*INSTRUCTIONS TO FOLLOW:* In the records, find each line where "with" occurs, and copy it.

*MATERIAL FOR THIS TASK:*
* * *
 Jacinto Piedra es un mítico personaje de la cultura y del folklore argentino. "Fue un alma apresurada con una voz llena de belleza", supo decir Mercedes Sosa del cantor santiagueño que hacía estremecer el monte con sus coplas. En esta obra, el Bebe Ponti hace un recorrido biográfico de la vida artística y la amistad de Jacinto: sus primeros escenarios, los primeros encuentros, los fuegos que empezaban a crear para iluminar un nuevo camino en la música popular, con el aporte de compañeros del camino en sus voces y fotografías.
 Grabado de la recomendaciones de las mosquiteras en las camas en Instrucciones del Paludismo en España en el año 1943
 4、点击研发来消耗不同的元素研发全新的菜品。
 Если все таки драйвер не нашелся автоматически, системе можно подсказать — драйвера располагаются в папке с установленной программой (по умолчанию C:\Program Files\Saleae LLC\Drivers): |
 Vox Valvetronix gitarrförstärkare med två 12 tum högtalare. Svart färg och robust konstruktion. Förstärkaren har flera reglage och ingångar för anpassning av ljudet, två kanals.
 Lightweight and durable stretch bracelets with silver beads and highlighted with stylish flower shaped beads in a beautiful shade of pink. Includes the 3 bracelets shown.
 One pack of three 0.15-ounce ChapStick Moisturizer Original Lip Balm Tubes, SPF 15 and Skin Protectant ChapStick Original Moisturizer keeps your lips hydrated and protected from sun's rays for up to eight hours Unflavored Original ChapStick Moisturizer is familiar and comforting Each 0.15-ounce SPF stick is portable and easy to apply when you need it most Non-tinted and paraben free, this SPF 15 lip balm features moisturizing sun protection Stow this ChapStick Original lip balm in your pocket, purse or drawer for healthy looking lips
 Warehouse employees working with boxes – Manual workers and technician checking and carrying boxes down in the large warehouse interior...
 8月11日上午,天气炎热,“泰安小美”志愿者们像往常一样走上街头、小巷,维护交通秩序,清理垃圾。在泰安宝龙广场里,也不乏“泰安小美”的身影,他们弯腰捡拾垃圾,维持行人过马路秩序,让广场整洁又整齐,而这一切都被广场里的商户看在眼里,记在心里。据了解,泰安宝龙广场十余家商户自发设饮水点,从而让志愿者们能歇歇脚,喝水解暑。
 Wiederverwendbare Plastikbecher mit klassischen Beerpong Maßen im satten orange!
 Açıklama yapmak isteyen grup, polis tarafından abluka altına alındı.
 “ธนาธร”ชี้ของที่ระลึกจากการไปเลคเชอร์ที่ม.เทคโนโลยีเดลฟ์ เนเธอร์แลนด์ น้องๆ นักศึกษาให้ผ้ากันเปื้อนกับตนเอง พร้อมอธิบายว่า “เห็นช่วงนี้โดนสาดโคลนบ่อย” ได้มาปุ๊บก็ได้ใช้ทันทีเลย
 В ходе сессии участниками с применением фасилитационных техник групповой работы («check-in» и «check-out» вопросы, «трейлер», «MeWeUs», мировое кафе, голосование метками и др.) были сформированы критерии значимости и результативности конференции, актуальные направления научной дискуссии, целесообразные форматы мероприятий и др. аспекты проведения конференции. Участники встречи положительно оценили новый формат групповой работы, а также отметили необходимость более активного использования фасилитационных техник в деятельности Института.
* * *
*EXPECTED ANSWER:*
 Lightweight and durable stretch bracelets with silver beads and highlighted with stylish flower shaped beads in a beautiful shade of pink. Includes the 3 bracelets shown.
 Warehouse employees working with boxes – Manual workers and technician checking and carrying boxes down in the large warehouse interior...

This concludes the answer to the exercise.